Perkara ini diduga telah menimbulkan kerugian besar bagi pemilik sah tanah, Drs. H. Tato Suwarto, MBA.

Kuasa hukum pelapor dari LBH Harimau Raya menyebut, penyidik telah mengantongi berbagai bukti kuat, mulai dari dokumen kependudukan yang diduga palsu, dokumen perbankan yang dibuat mundur tanggal (backdated), hingga akta notaris dan Akta Pemberian Hak Tanggungan (APHT) yang diduga cacat hukum. 

Selain itu, keterangan saksi serta rangkaian peristiwa pidana dinilai telah membentuk konstruksi perkara yang utuh.

“Alasan bahwa terlapor utama belum ditemukan tidak dapat dijadikan dasar untuk menunda penetapan tersangka. Hukum pidana tidak menunggu satu orang. Yang dinilai adalah perbuatan dan peran masing-masing pihak,” tegas Dimas Wahyu, SH., Pid, kuasa hukum dari LBH Harimau Raya, Rabu (4/2).

Menurut LBH Harimau Raya, penundaan penetapan tersangka justru berpotensi mencederai asas kepastian hukum dan menimbulkan persepsi publik terhadap lemahnya penegakan hukum dalam perkara mafia tanah.

"Secara yuridis, rangkaian perbuatan dalam kasus ini dinilai memenuhi unsur Pasal 372 KUHP (penggelapan), Pasal 378 KUHP (penipuan), Pasal 263 dan 266 KUHP (pemalsuan dan keterangan palsu dalam akta otentik), serta Pasal 55 KUHP tentang turut serta," tandasnya.

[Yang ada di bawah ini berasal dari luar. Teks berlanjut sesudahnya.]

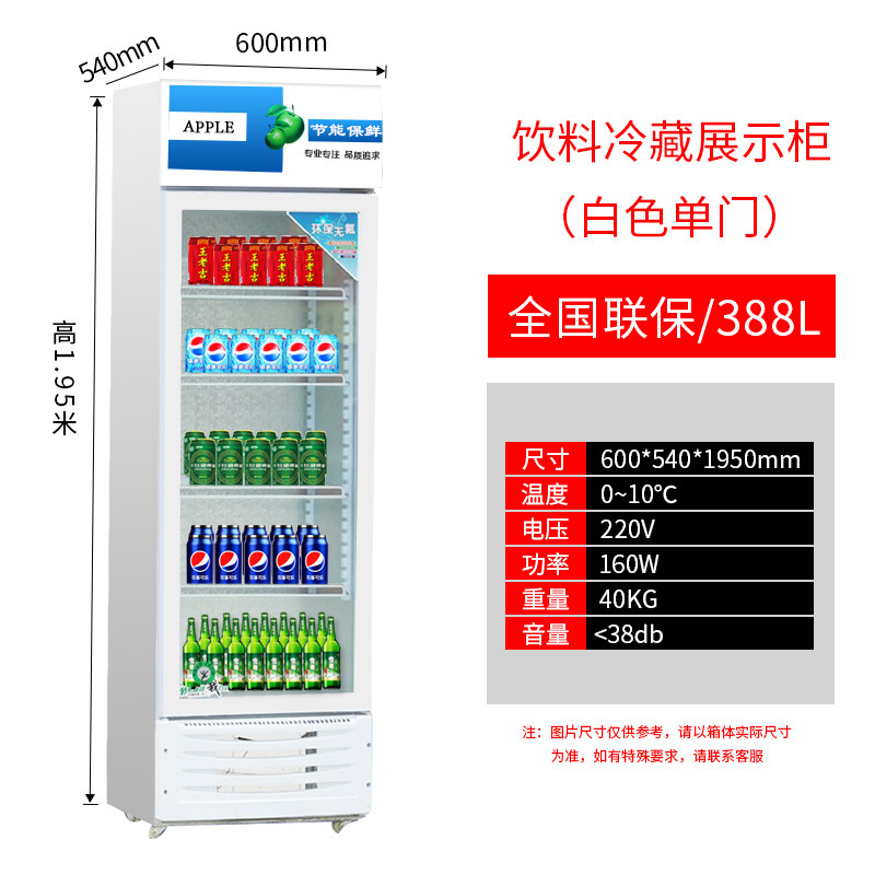 Refrigerated Cabinet Freshness Cabinet Display Case Vertical Drinks Cabinet Commercial Single Door 388L Display Cabinet Freezer Refrigerated Ice Water Cabinet
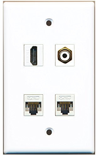 RiteAV - 1 Port HDMI 1 Port RCA White 2 Port Cat5e Ethernet White Wall Plate
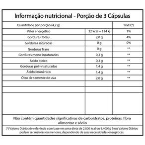 Ingredientes: Óleo de semente de uva. Cápsula: gelatina bovina, umectante glicerina e água.
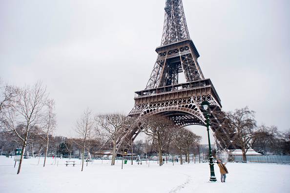 Parigi sotto la neve, Campo di Marte e la Tour Eiffel (THOMAS SAMSON/AFP/Getty Images)
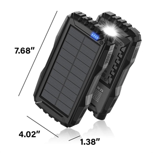 Solar powered power bank with charger and built-in flashlight.
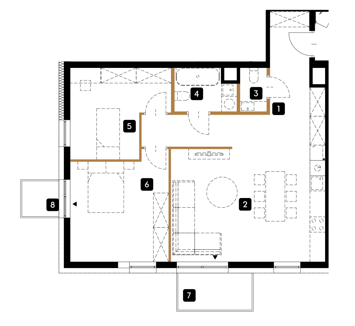 | B1.4.07 | 68.12 m2 | 3 | 4 | Loggia 5.08 m2 |
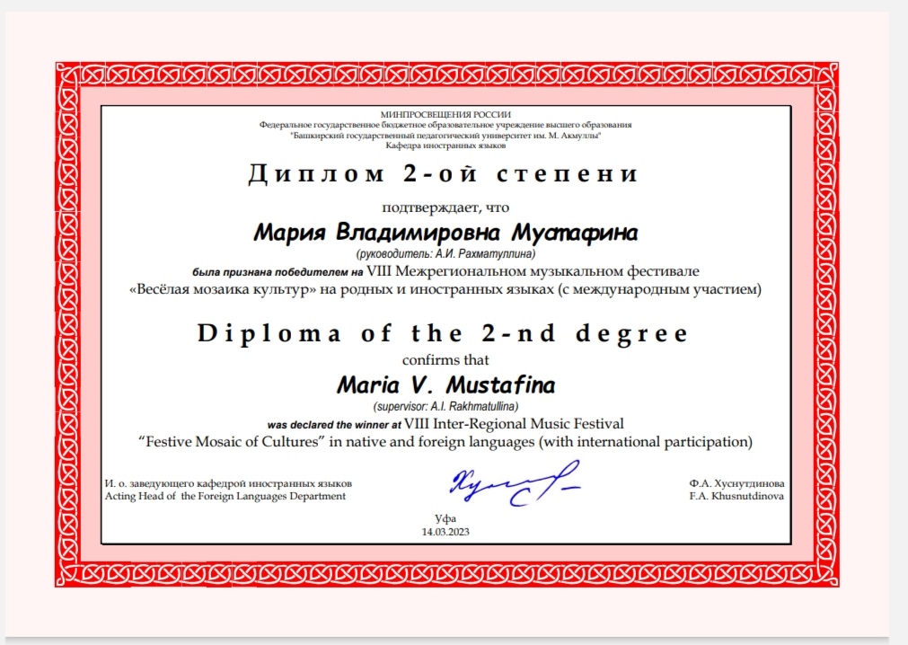 Студенты кафедры музыкального и хореографического образования стали Лауреатами VIII Международного музыкального фестиваля "Весёлая мозаика культур" на родных и иностранных языках (с международным участием).
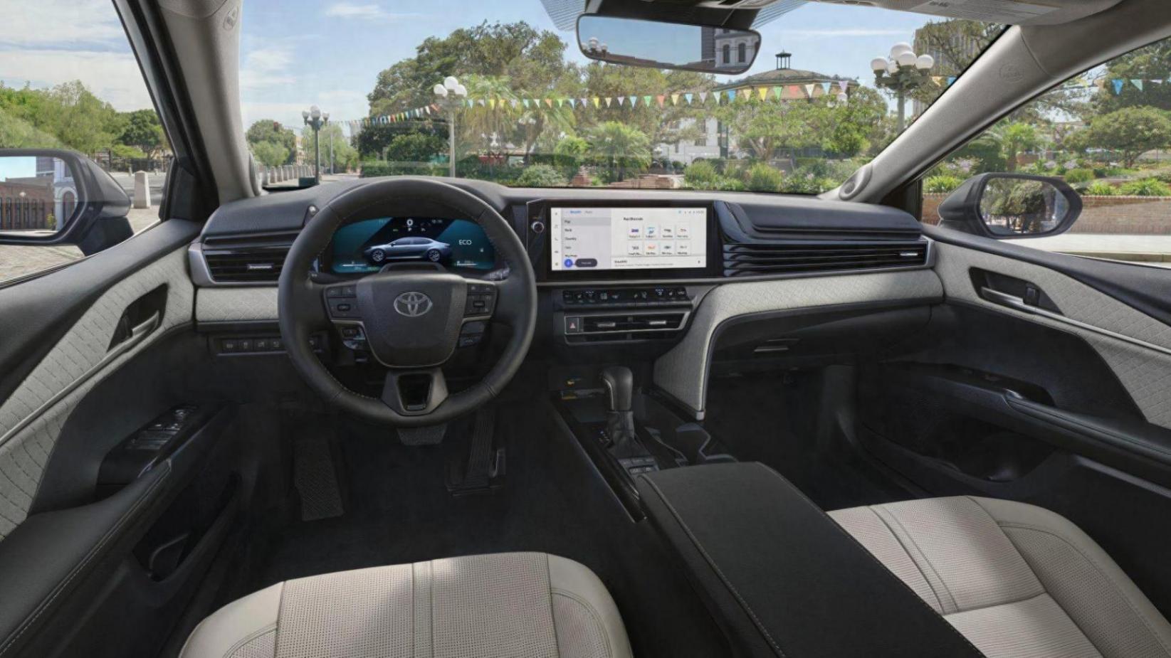 2025款豐田凱美瑞現在已經是第九代了,從內到外都煥然一新。凱美瑞車內的中心位置是一塊12.3英寸中控觸摸屏(中高配),標配一塊8英寸中控屏,支持無線Apple CarPlay和Android Auto手機互聯,以及無線充電、10 英寸平視顯示器、JBL 音響系統、車載 Wi-Fi、數字鑰匙等功能。

LBH Harimau Raya menilai perkara ini tidak berdiri sendiri, melainkan menunjukkan pola sistematis khas mafia tanah yang melibatkan lebih dari satu aktor.

Tak hanya itu, LBH Harimau Raya juga menyoroti dugaan keterlibatan oknum perbankan dan oknum notaris yang tetap memproses kredit dan pembuatan akta meskipun syarat formil dan materiil tidak terpenuhi, termasuk penggunaan jaminan tanah milik pihak lain diduga tanpa persetujuan sah dari pemilik.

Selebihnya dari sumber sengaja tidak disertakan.